Top of Supplied entries
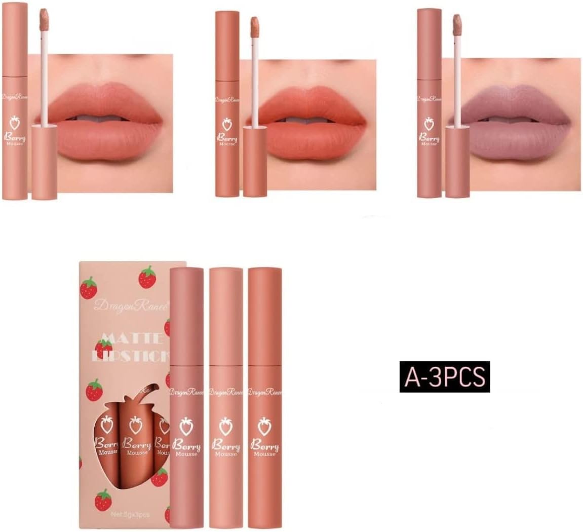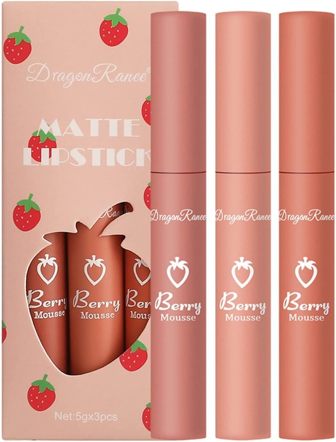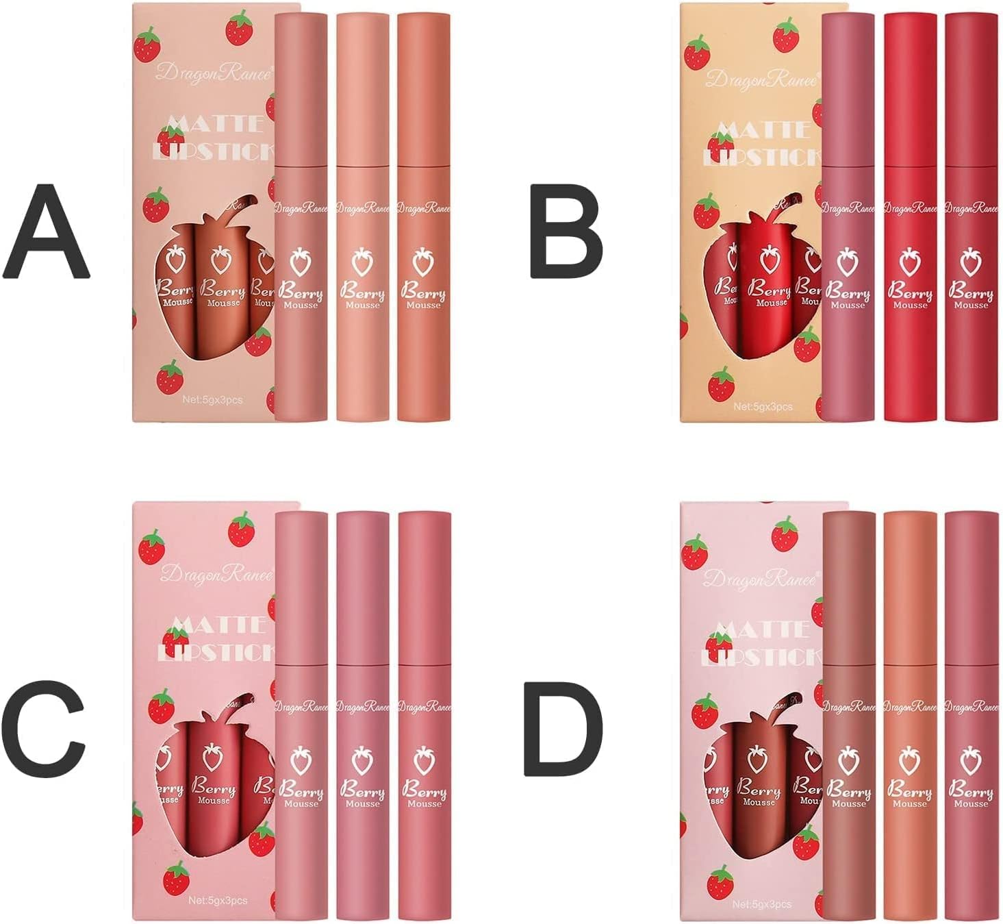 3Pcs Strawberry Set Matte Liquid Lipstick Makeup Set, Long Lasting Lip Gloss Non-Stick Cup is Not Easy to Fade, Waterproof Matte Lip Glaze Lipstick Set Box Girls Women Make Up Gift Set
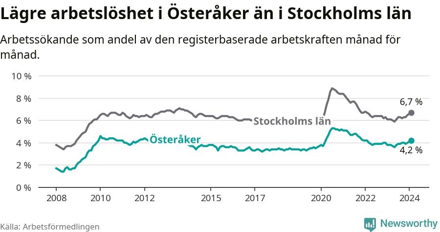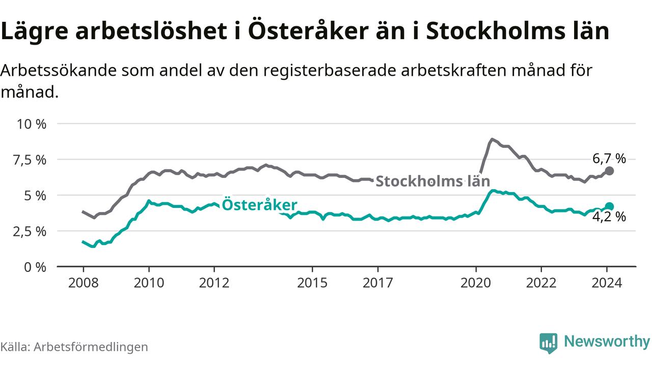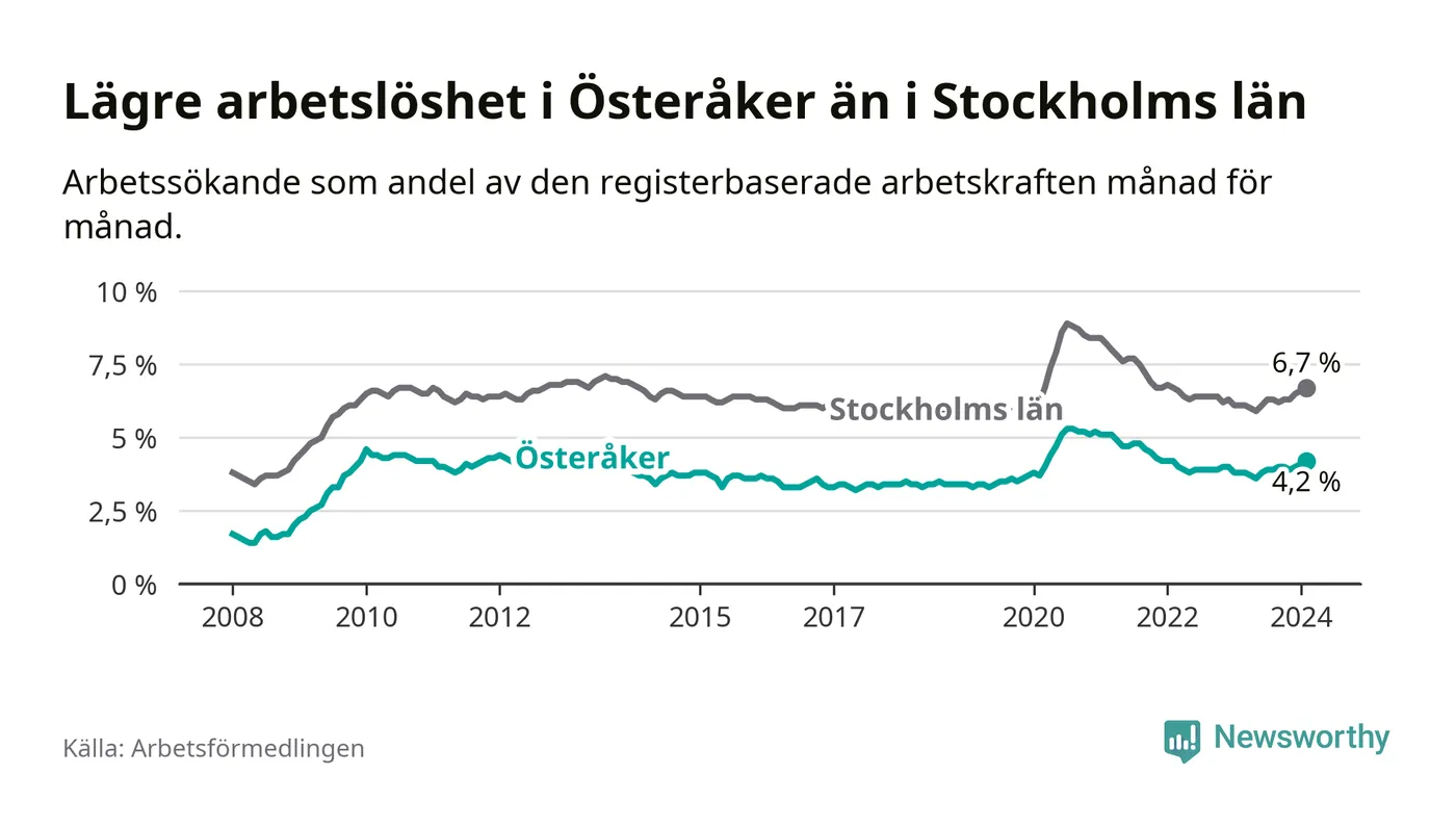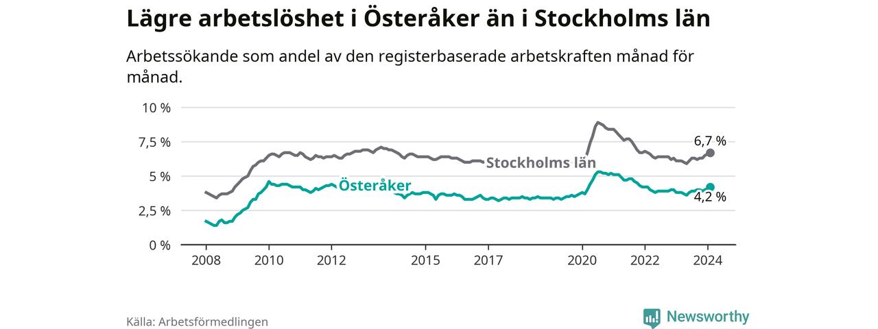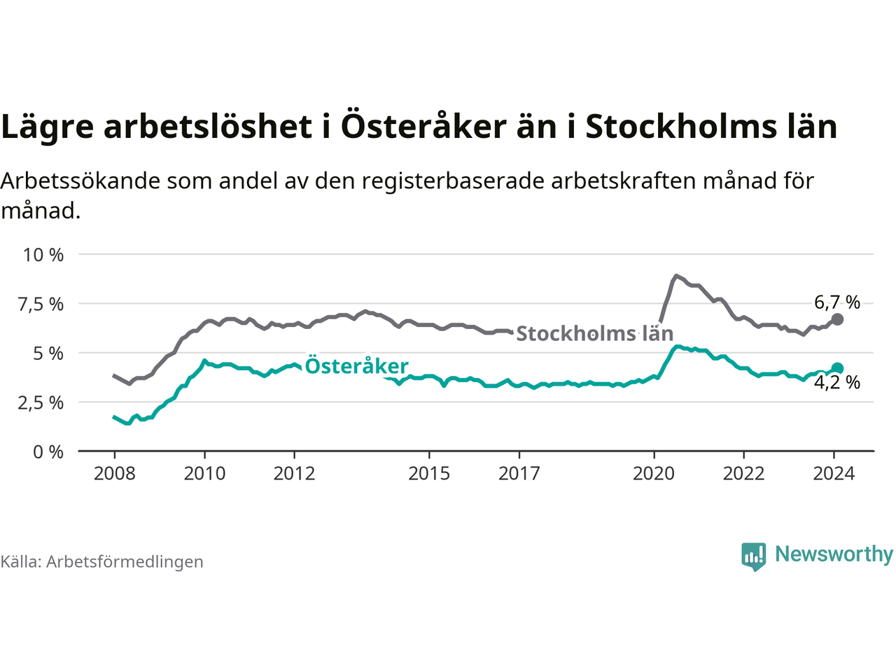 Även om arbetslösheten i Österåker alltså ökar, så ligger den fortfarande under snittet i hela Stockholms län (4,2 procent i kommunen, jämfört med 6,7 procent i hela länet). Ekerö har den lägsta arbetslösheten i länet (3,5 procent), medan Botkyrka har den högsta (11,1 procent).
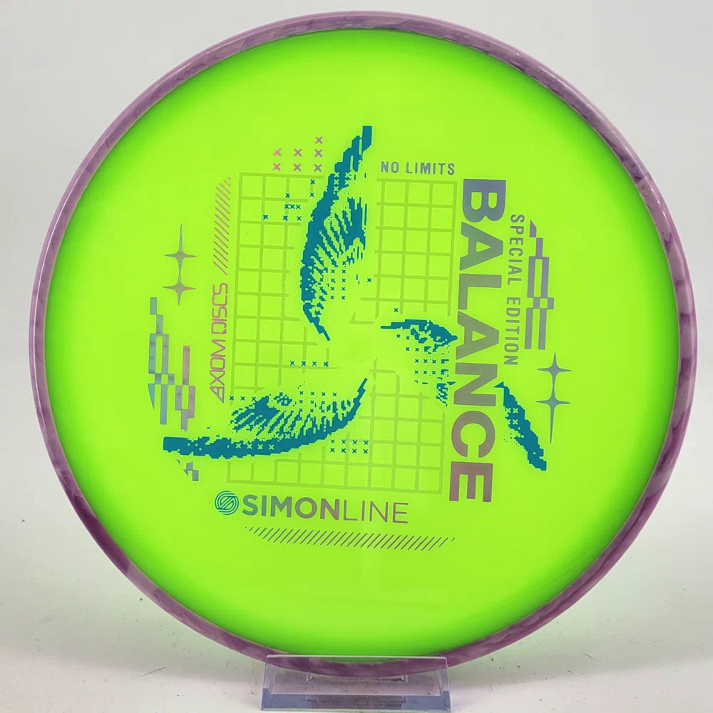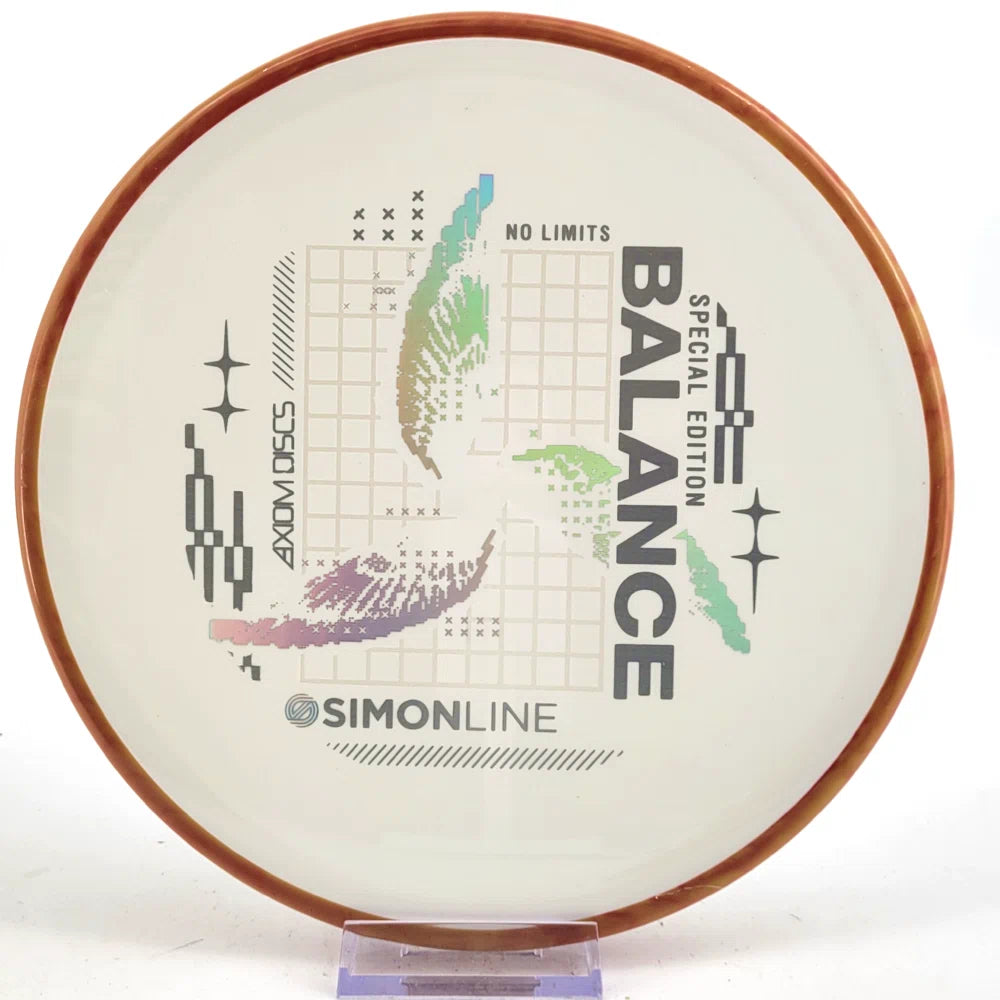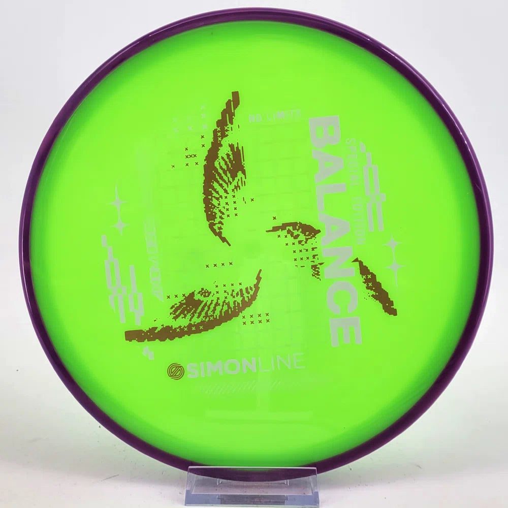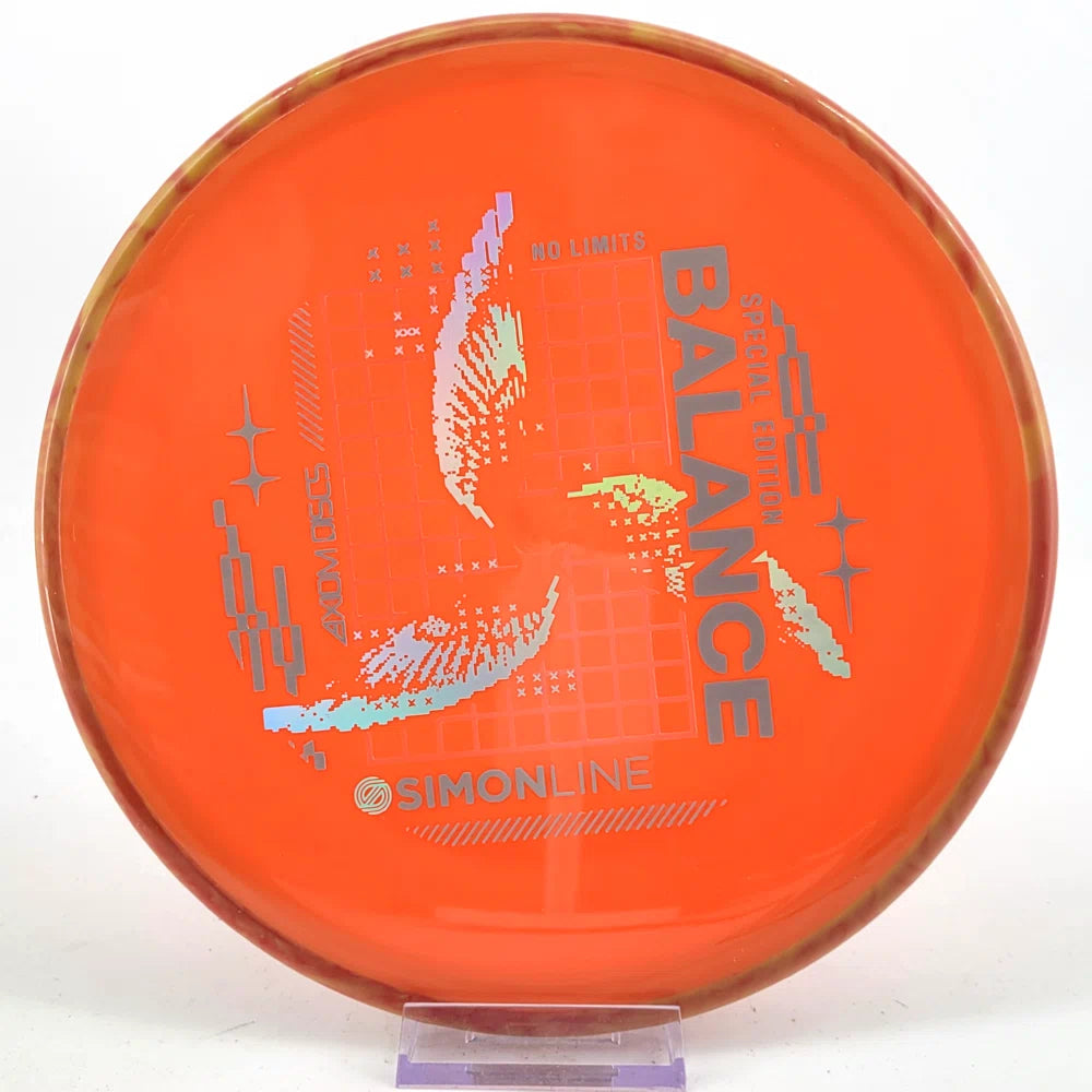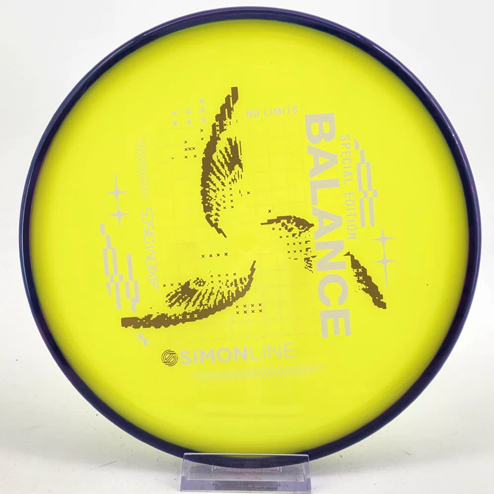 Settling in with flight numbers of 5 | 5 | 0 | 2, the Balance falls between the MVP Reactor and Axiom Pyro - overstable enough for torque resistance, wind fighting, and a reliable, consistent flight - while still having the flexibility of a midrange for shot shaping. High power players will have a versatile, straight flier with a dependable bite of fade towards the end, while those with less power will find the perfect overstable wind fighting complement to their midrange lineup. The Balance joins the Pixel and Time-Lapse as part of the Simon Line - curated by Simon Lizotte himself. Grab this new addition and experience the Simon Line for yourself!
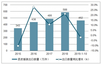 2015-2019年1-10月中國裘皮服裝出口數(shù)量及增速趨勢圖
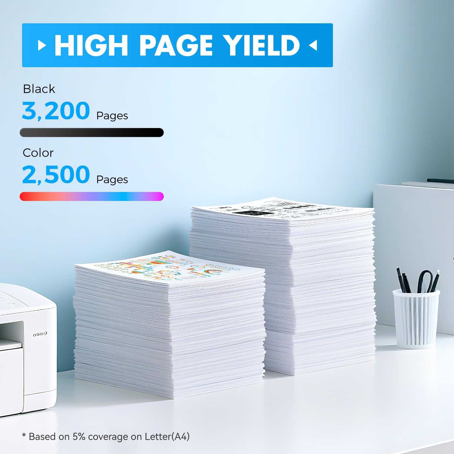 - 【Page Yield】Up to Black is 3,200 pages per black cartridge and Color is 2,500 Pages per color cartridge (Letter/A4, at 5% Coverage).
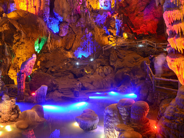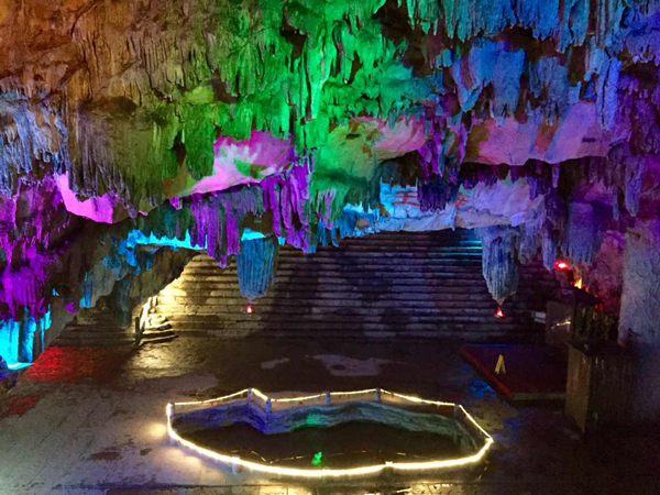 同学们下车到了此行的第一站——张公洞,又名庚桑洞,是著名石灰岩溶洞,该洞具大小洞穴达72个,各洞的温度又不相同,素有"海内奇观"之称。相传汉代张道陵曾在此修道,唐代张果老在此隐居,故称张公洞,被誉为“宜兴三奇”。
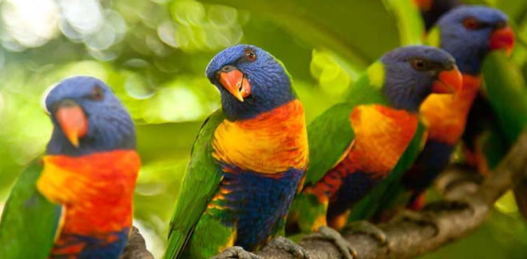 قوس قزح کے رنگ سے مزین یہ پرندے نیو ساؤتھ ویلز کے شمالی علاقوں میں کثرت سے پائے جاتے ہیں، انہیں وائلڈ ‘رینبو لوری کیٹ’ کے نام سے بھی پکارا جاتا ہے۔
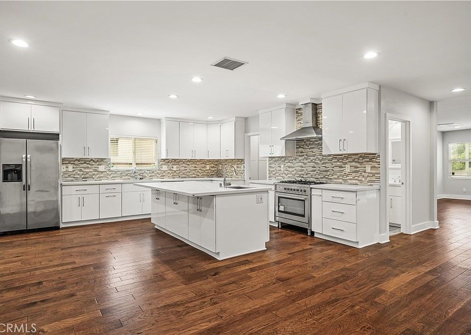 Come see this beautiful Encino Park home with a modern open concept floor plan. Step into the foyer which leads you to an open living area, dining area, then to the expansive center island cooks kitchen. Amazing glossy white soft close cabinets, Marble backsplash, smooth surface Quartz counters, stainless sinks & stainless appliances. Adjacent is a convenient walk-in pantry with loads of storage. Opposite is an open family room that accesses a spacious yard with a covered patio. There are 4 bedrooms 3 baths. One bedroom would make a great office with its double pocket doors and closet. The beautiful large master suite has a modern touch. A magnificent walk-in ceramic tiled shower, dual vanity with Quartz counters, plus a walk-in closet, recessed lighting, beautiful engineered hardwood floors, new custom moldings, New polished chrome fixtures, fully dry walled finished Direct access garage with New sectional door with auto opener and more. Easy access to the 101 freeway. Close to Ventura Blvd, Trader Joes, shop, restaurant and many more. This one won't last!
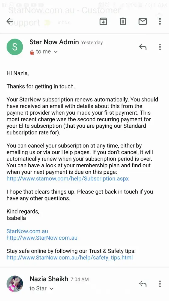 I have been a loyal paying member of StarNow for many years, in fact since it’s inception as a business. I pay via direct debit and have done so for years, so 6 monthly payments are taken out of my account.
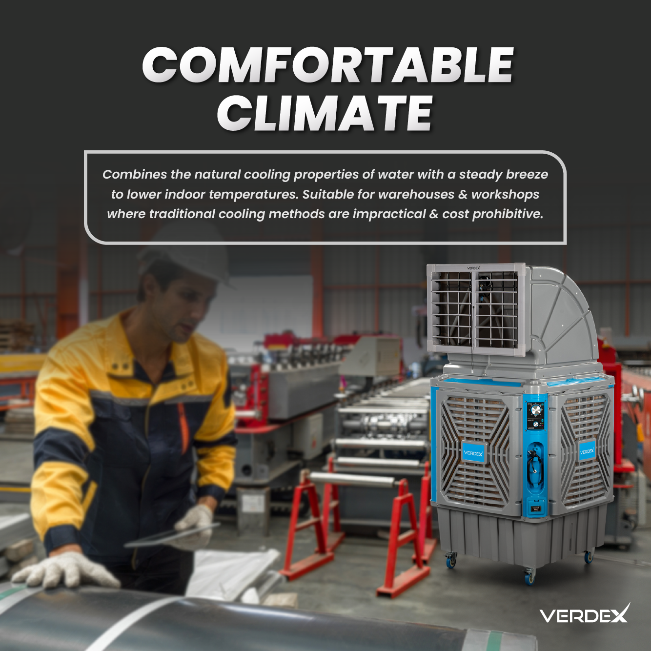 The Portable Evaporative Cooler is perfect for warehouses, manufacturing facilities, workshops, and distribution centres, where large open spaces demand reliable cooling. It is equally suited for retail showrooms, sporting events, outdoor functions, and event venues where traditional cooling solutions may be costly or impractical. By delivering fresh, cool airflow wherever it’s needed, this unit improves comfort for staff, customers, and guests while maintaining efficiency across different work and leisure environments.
Bottom of Supplied entries
- Work item
Keep the pictures out of your copy, and repeat every entry above exactly.

- Finished exercise
 3Pcs Strawberry Set Matte Liquid Lipstick Makeup Set, Long Lasting Lip Gloss Non-Stick Cup is Not Easy to Fade, Waterproof Matte Lip Glaze Lipstick Set Box Girls Women Make Up Gift Set
 Även om arbetslösheten i Österåker alltså ökar, så ligger den fortfarande under snittet i hela Stockholms län (4,2 procent i kommunen, jämfört med 6,7 procent i hela länet). Ekerö har den lägsta arbetslösheten i länet (3,5 procent), medan Botkyrka har den högsta (11,1 procent).
 Settling in with flight numbers of 5 | 5 | 0 | 2, the Balance falls between the MVP Reactor and Axiom Pyro - overstable enough for torque resistance, wind fighting, and a reliable, consistent flight - while still having the flexibility of a midrange for shot shaping. High power players will have a versatile, straight flier with a dependable bite of fade towards the end, while those with less power will find the perfect overstable wind fighting complement to their midrange lineup. The Balance joins the Pixel and Time-Lapse as part of the Simon Line - curated by Simon Lizotte himself. Grab this new addition and experience the Simon Line for yourself!
 2015-2019年1-10月中國裘皮服裝出口數(shù)量及增速趨勢圖
 - 【Page Yield】Up to Black is 3,200 pages per black cartridge and Color is 2,500 Pages per color cartridge (Letter/A4, at 5% Coverage).
 同学们下车到了此行的第一站——张公洞,又名庚桑洞,是著名石灰岩溶洞,该洞具大小洞穴达72个,各洞的温度又不相同,素有"海内奇观"之称。相传汉代张道陵曾在此修道,唐代张果老在此隐居,故称张公洞,被誉为“宜兴三奇”。
 قوس قزح کے رنگ سے مزین یہ پرندے نیو ساؤتھ ویلز کے شمالی علاقوں میں کثرت سے پائے جاتے ہیں، انہیں وائلڈ ‘رینبو لوری کیٹ’ کے نام سے بھی پکارا جاتا ہے۔
 Come see this beautiful Encino Park home with a modern open concept floor plan. Step into the foyer which leads you to an open living area, dining area, then to the expansive center island cooks kitchen. Amazing glossy white soft close cabinets, Marble backsplash, smooth surface Quartz counters, stainless sinks & stainless appliances. Adjacent is a convenient walk-in pantry with loads of storage. Opposite is an open family room that accesses a spacious yard with a covered patio. There are 4 bedrooms 3 baths. One bedroom would make a great office with its double pocket doors and closet. The beautiful large master suite has a modern touch. A magnificent walk-in ceramic tiled shower, dual vanity with Quartz counters, plus a walk-in closet, recessed lighting, beautiful engineered hardwood floors, new custom moldings, New polished chrome fixtures, fully dry walled finished Direct access garage with New sectional door with auto opener and more. Easy access to the 101 freeway. Close to Ventura Blvd, Trader Joes, shop, restaurant and many more. This one won't last!
 I have been a loyal paying member of StarNow for many years, in fact since it’s inception as a business. I pay via direct debit and have done so for years, so 6 monthly payments are taken out of my account.
 The Portable Evaporative Cooler is perfect for warehouses, manufacturing facilities, workshops, and distribution centres, where large open spaces demand reliable cooling. It is equally suited for retail showrooms, sporting events, outdoor functions, and event venues where traditional cooling solutions may be costly or impractical. By delivering fresh, cool airflow wherever it’s needed, this unit improves comfort for staff, customers, and guests while maintaining efficiency across different work and leisure environments.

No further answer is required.